Authors: Eerie Nights in London
That, she could have told the practical joker, was one thing she never had, and even a night alone in this room would not give them to her. If it came to that, what was so impossible about spending a night here? The room was comfortable, even luxurious. By daylight she would have no difficulty in attracting anyone’s attention. Miss Glory would be pottering in and out of the garden. Arabia or Mrs. Stanhope would hear her calling. It was only a matter of passing the hours until daylight, and those could best be passed in sleep.

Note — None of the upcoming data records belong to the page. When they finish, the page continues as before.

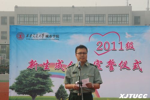 8月24日早晨,西安交大城市学院2011级新生成人礼宣誓仪式在学院体育场隆重举行。学院党委书记赵金胜副教授、学生服务中心主任马兆平老师、各系领导、新生辅导员及2011级全体新生参加了仪式。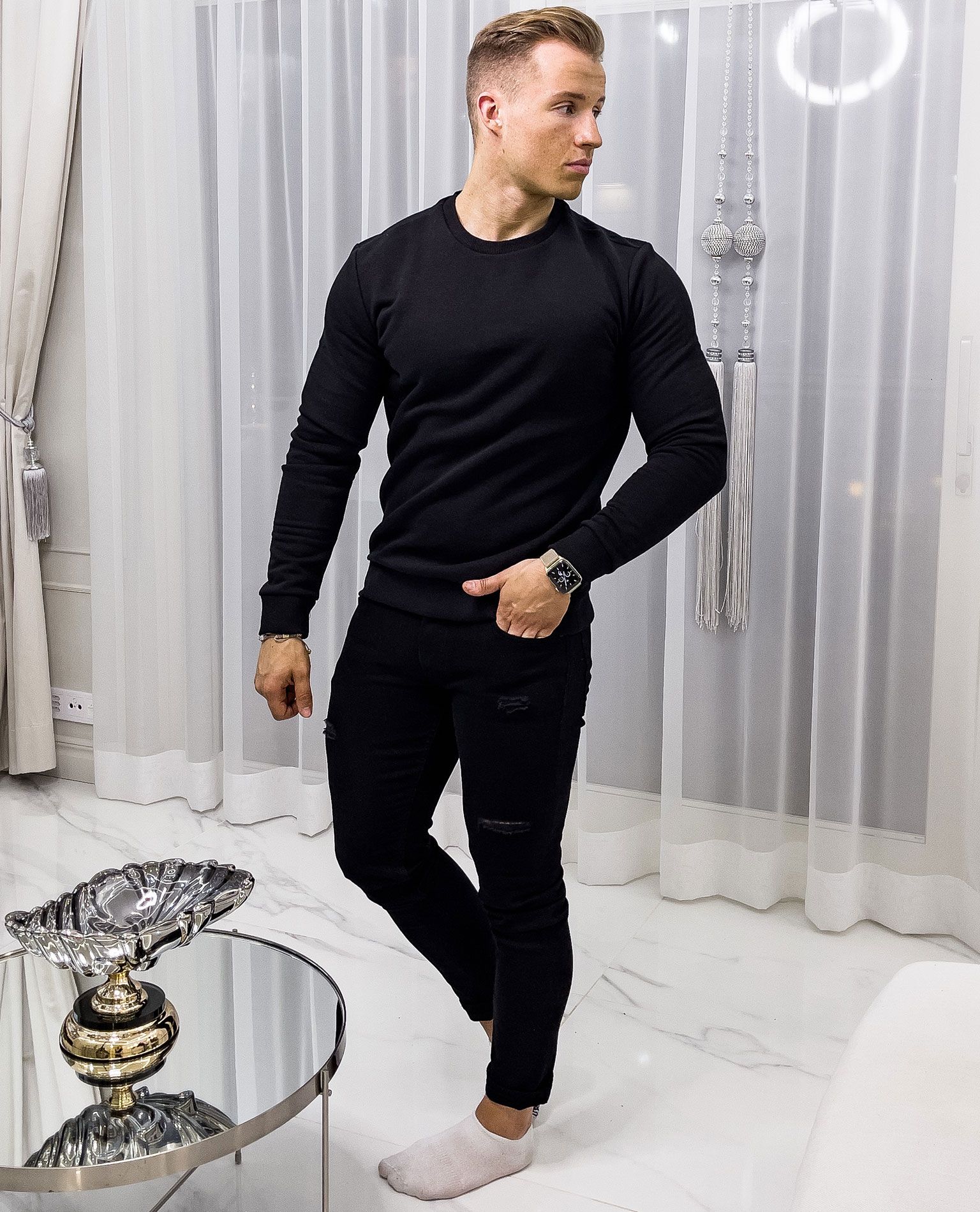 ONLY & SONS black sweatshirt. Soft, brushed surface inside. An excellent basic shirt for everyday and home use. Elasticated hem and sleeves.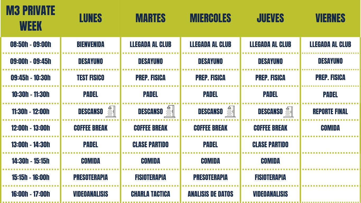 - 45 min diarios de preparación física PadelFit (puede ser compartida por otra M3 Private Week).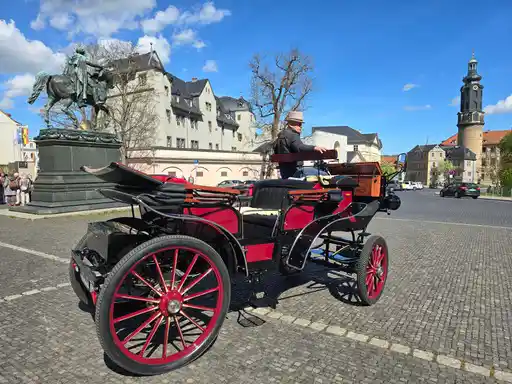 Einer der beliebtesten Anlässe für eine Kutschfahrt ist die Stadtrundfahrt durch Weimar. Während der Rundfahrt bei gemütlichem Tempo bietet sich Ihnen die Gelegenheit, die schöne Weimarer Altstadt sowie die zentral gelegenen Sehenswürdigkeiten in Weimar zu erkunden. Die offene Kutsche mit Verdeck erlaubt Ihnen während der Fahrt den ungetrübten auf die Schönheiten, welche die Stadt Weimar zu bieten hat.
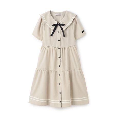 上品かつさわやかな印象のコーディネートが完成するセーラーワンピースです。ゆったりと広がる女の子らしいティアードデザイン。胸元のリボンはボタンで簡単につけ外しできます。ハンカチなどの持ち運びに便利なスリットポケットを備えているのも魅力です。【おすすめの着用時期は春夏シーズン】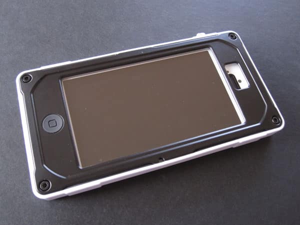The 5.5” by 2.75” plastic and aluminum box is the kind of case that requires a complicated installation process. Of the three separate layers of the case, the rear tray is the largest: it’s lined with shock-absorbent rubber around the edges and back, thick enough so that the iPhone 5 is held firmly in place when inserted, and deep enough the the device is fully recessed. Next goes the aluminum bezel frame, coupled with the non-adhesive screen protector. The latter has small tabs that attach to the former, holding together well enough that they can be installed as one piece.
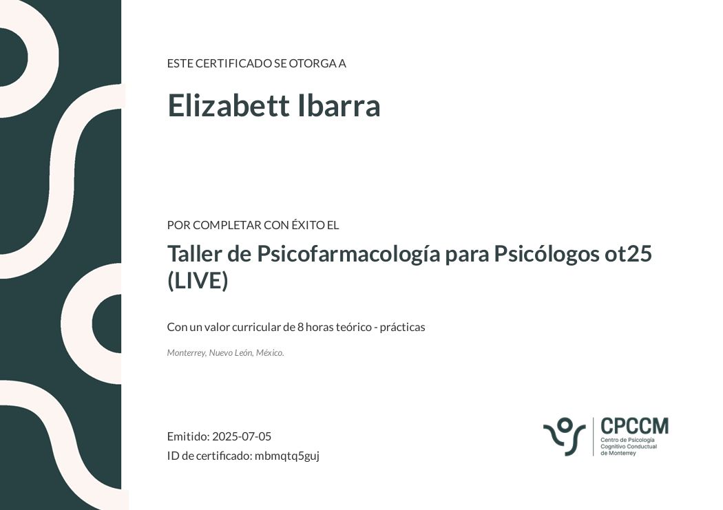 ▪︎ Egresada de la Facultad de Psicología de la UANL. ▪︎ 13 años de experiencia en el ámbito organizacional como reclutadora. ▪︎ 7 años de experiencia en psicoterapia con adultos. ▪︎ Diplomado en Terapia Cognitivo Conductual y Terapias de Tercera Generación. ▪︎ Curso- Taller de Primeros Auxilios Psicológico ▪︎ Entrenamiento de habilidades de Terapia Dialéctica Conductual para terapeutas. ▪︎ Coordinadora de grupo para entrenamiento de habilidades basado en Dialéctica Conductual. ▪︎ Certificación de Liderazgo Orientado a las personas. ▪︎ Certificación de Liderazgo Orientado a los equipos.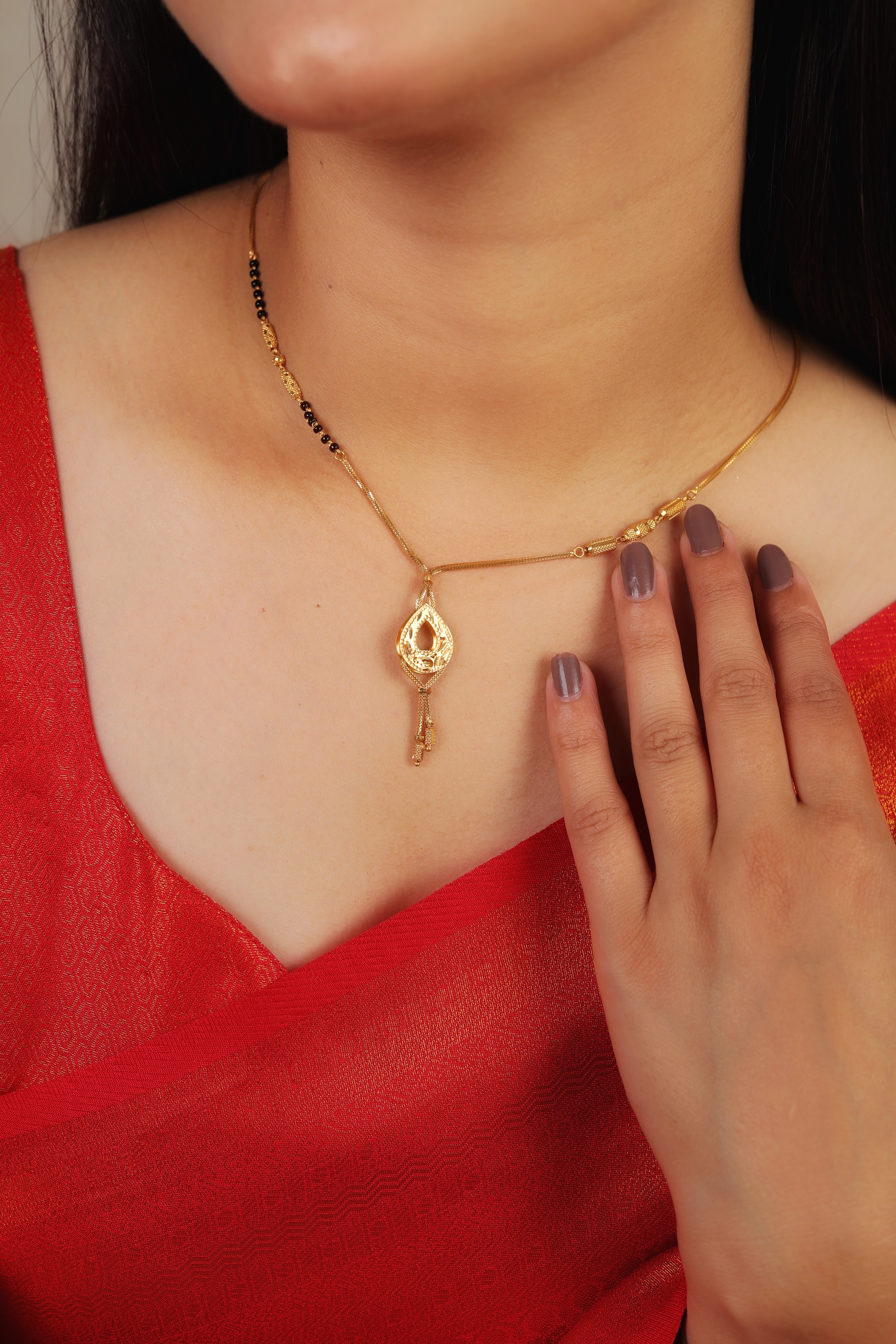 Key Features:Design: Creative Teardrop Key Pendant with open-work filigree and a vertical drop. Chain Style: Modern slender gold link chain featuring asymmetrical textured gold and black bead clusters. Length: Designed as a short-length mangalsutra, resting elegantly at the collarbone. Metal Purity: 22 Carat Yellow Gold (916 purity). Usage: An ideal statement accessory for the modern workplace, casual signature jewelry, or contemporary bridal gifting.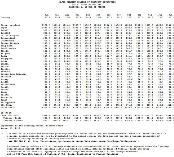 土耳其是自俄罗斯之后第二个退出主要持有国名单的国家,而这两国都在遭受美国制裁,进入8月后,土耳其宣告与美国开启了“经济战”。俄罗斯于5月退出了该名单,而巴西超越爱尔兰成为第三大美债持有国,总额为创纪录新高的3000亿美元。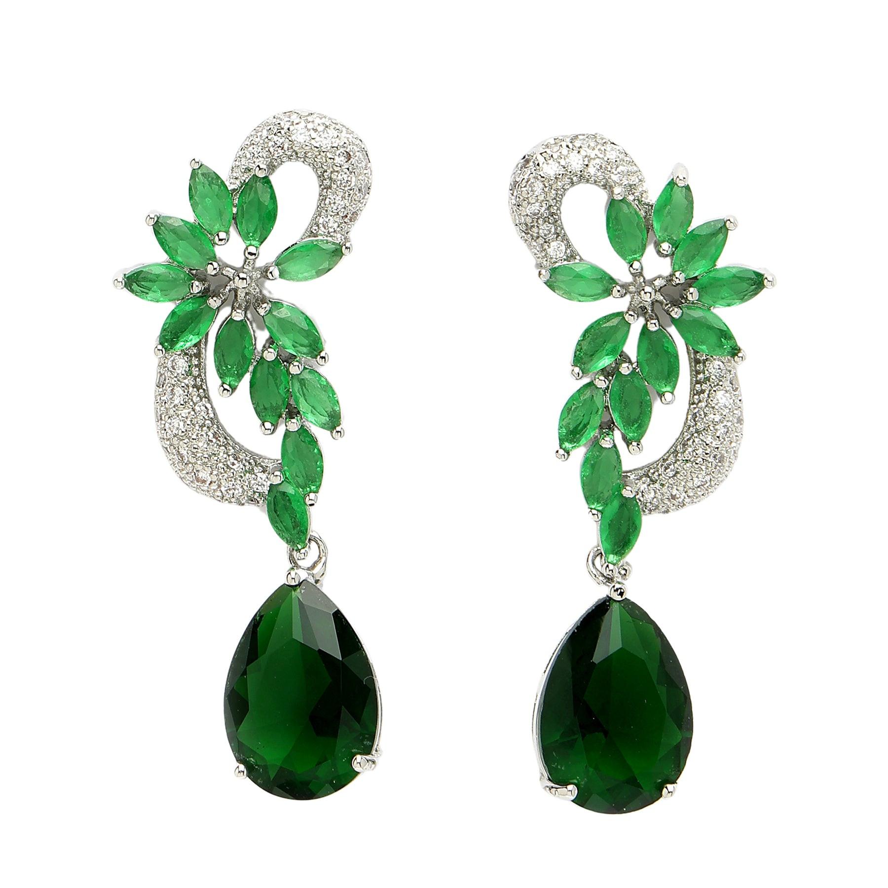 Diese modernen, grünen Zirkonia-Ohrhänger in Blumenform interpretieren klassische Eleganz zeitgemäß. Ihr schlichtes Design und die leuchtende Farbe vereinen mühelos modernen Stil mit zeitlosem Charme. Die grünen Zirkoniasteine fangen die Schönheit der Natur ein und verleihen Ihrem Outfit einen erfrischenden Farbtupfer. Lassen Sie ihre moderne Eleganz erstrahlen und ziehen Sie bewundernde Blicke auf sich. Größe: 1,6 cm x 4,3 cm | Beschichtung: Rhodiumplattiert | Verschluss: Stecker und Rückseite
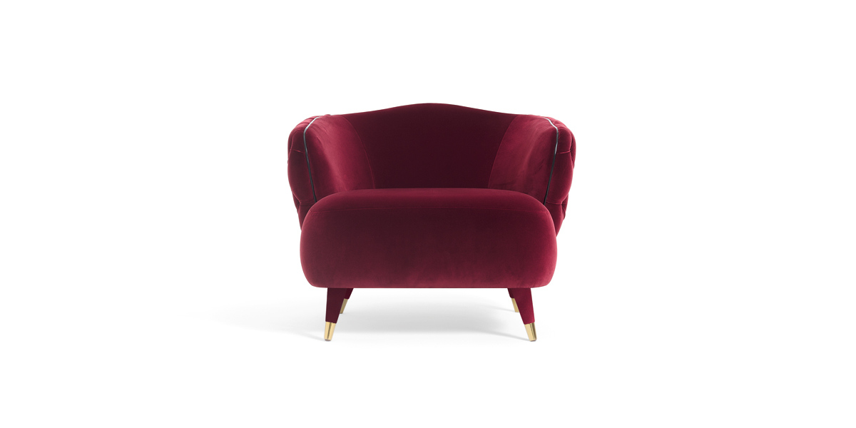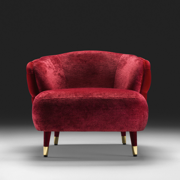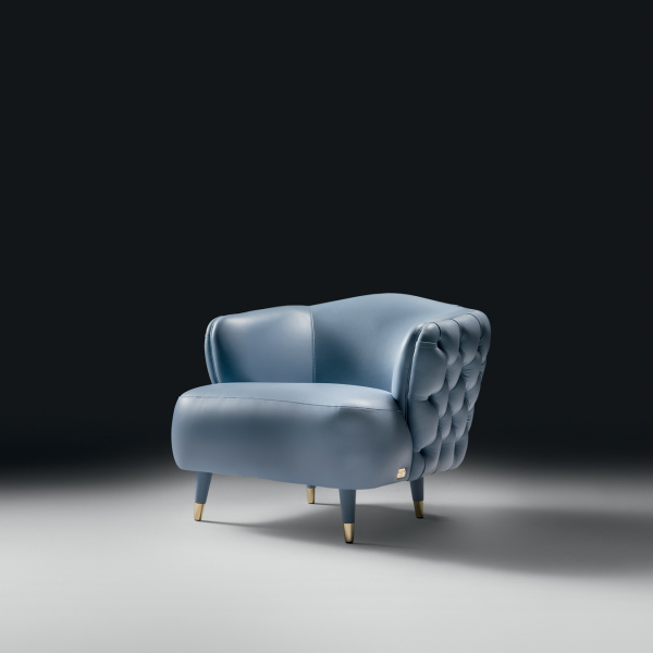 polyurethane in different densities. Tufted rear back. Feet upholstered with glides in metal polished gold or matt dark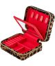 Wolf Savanna Leopard 395011 to eleganckie etui na biżuterię zapinane na suwak, które łączy praktyczną konstrukcję z wyrazistym designem. Zewnętrzną część wykonano z wegańskiej skóry z recyklingu o strukturze nubuku i ozdobiono wielokolorowym wzorem lamparta. Wnętrze pokryto podszewką z technologią LusterLoc™, pomagającą ograniczać proces matowienia biżuterii. W środku przygotowano 4 uchwyty na naszyjniki, 16 miejsc na kolczyki, 7 rolek na pierścionki oraz 3 schowki, które umożliwiają wygodne uporządkowanie kolczyków, pierścionków i innych drobnych ozdób.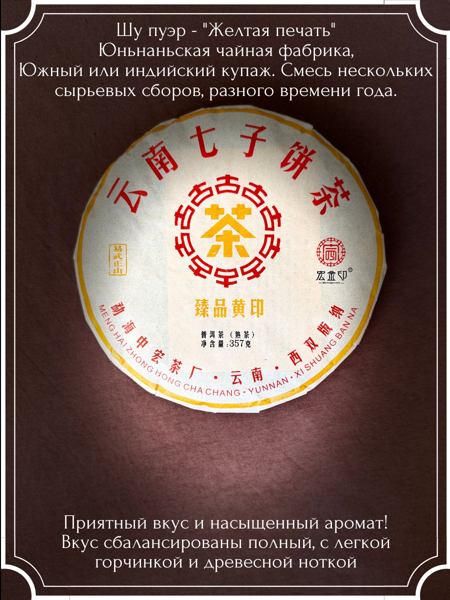 Шу пуэр "Желтая печать", китайский прессованный, ферментированный чай, блин 357 грамм информация: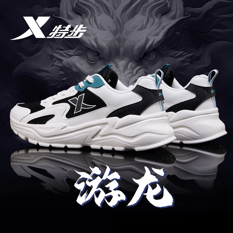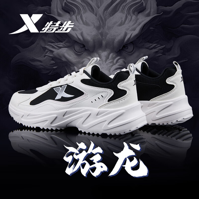 特步男鞋运动鞋子男款减震轻便回弹跑步鞋2025秋冬季青少年皮面休闲鞋 帆白/黑【网面透气】0053 41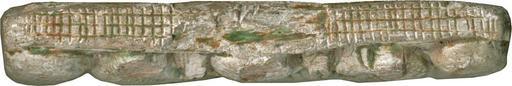 | Keywords: Egyptian - Pectoral with Sacred Symbol and Representation of Atum and Re-Harakhte on the Other Side - Walters 4284 - Top.jpg  The rectangular pectoral which has two holes for suspension On one side of the pectoral is the solar boat depicted Inside of the boat is the winged scarab as well as the moon disk and crescent combination both are flanked by two standing baboons with adoration gestures On the other side of the plaque there are three image fields On the far left is the god Atum in the center is the solar falcon and on the far right is the god Re-Harakhte Atum is named by the inscription as the Lord of the Sky and the solar falcon as Re-Harakhte Great God and Living Lord of Heliopolis and the falcon-headed god just as Re-Harakhte The sides of the pectoral are decorated with a grid pattern The pectoral was probably produced during the Ramesside Period or the early Third Intermediate Period between 1292 945 BC New Kingdom-early Third Intermediate steatite with remains of green glaze cm 3 71 5 39 0 55 accession number 42 84 28352 Dikran Kelekian New York and Paris date and mode of acquisition unknown Henry Walters city Baltimore Walters Art Museum Henry Walters Acquired by Henry Walters 1925 place of origin Egypt Walters Art Museum license Ancient Egyptian pectorals in the Walters Art Museum Media contributed by the Walters Art Museum needs category review |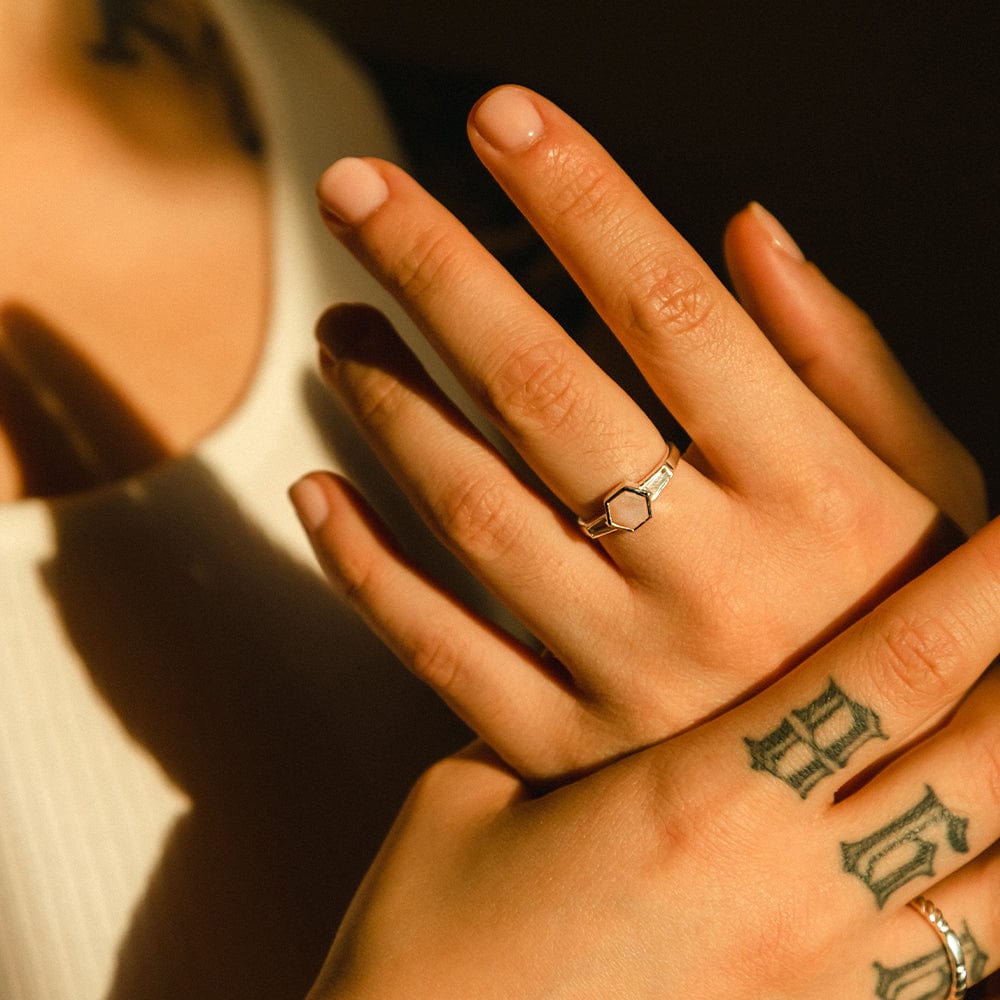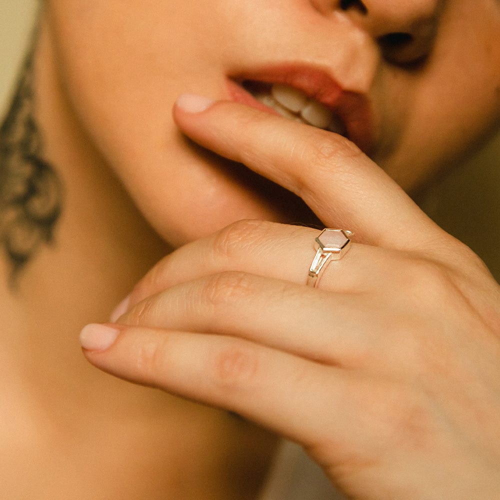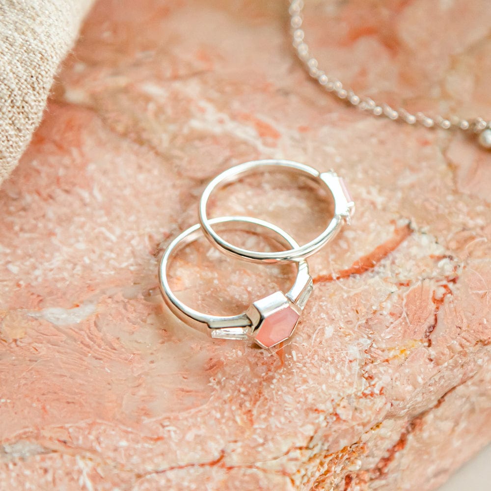 Beloved Pink Opal Hexagon Ring Sterling Silver

Cressida hesitated only a moment before stretching out on the turned-down bed. She did not get between the sheets. Something—was it the thought of sacrilege?—stopped her from doing that. She lay rather stiffly on the coverlet, and switched off the rosy bedside light.
But then the darkness leapt on her. The silence was so deep it was terrifying. No, it wasn’t completely silence.
There was a creaking sound. Or was there? Had she imagined it? Listen? Was that a faint padding? No—yes, what was that? A faint far-off crying sound. Oh, a cat miaowing. Mimosa, of course. Why was Mimosa prowling about the house? Wasn’t he shut in with his master at night?
Or was it that his master, too, prowled…
What was that?
It sounded like a voice hissing “Usurper!” And then a faint choking sound, as if someone were sobbing.
Cressida sat upright. She was aware of that delicate lingering scent of roses. She felt the silk of the carefully laid-out robe beneath her fingers. Suddenly she sprang off the bed, rigid with distaste.
How could she lie there on Lucy’s bed, which awaited only Lucy who would never come again. Oh, it was not only sad and tragic, it was somehow unpleasant, as if her own warm blood were congealing, and she too was to be petrified into everlasting youth.
She couldn’t stay in this room after all. It was too haunted. Somehow she had to get out, and not by way of the stairs where her tormentor was no doubt waiting to further enjoy her distress. Surely there must be a way over the balcony.
She was not without resourcefulness. She was athletic enough even to shin down a drainpipe, if need be.
But that feat, to her great delight, Cressida found to be unnecessary. For leading down from the side of the balcony was a fire escape. Why hadn’t she thought of looking for that before? This was as easy as could be. Even with her long dressing-gown she had no difficulty in descending the iron rungs to the terrace far below. She was even chuckling with amusement. Whoever had played that humourless joke on her had come off worst, after all.
Or had they? For, safely on the terrace, Cressida found that she could not get back into the house. All the doors were locked, and when she rather timidly tapped on Vincent Moretti’s window, which was the only one to face the garden, there was no answer. Apparently he was not yet home.
But thank goodness there was a crack of light showing from the basement windows. Cressida shrugged resignedly. Once more she had to depend on Jeremy Winter for succour.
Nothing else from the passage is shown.